Requirement
Copy out exactly the stretch below, from the line with "Use Staticide® Static" through the line with "Selling a pair", both included; the pictures stay out.

Provided material
==================================================

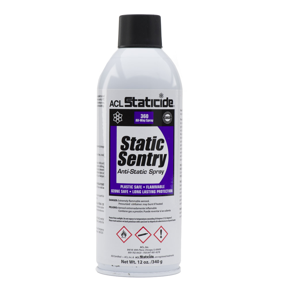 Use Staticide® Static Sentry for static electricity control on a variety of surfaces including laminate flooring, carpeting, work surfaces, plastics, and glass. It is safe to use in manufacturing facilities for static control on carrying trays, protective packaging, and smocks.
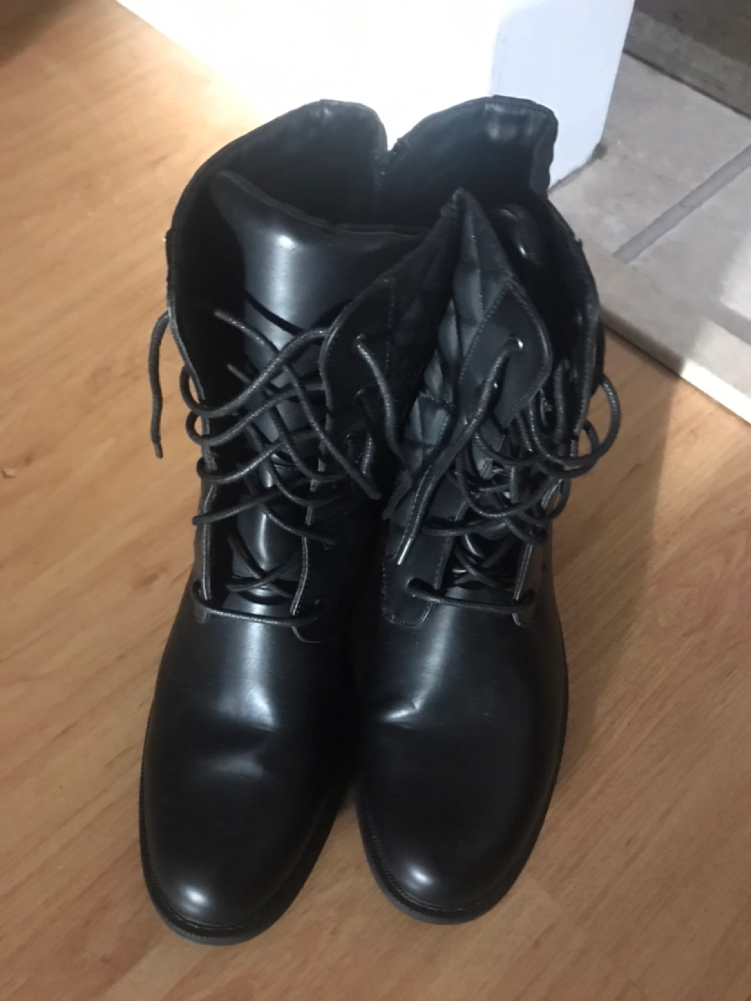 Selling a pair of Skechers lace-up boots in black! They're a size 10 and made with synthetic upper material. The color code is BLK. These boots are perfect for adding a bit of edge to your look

==================================================

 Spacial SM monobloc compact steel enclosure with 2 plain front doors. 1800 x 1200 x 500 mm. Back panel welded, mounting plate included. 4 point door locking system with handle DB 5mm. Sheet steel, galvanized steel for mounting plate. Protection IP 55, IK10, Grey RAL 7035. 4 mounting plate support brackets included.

==================================================

Solution for this problem
 Use Staticide® Static Sentry for static electricity control on a variety of surfaces including laminate flooring, carpeting, work surfaces, plastics, and glass. It is safe to use in manufacturing facilities for static control on carrying trays, protective packaging, and smocks.
 Selling a pair of Skechers lace-up boots in black! They're a size 10 and made with synthetic upper material. The color code is BLK. These boots are perfect for adding a bit of edge to your look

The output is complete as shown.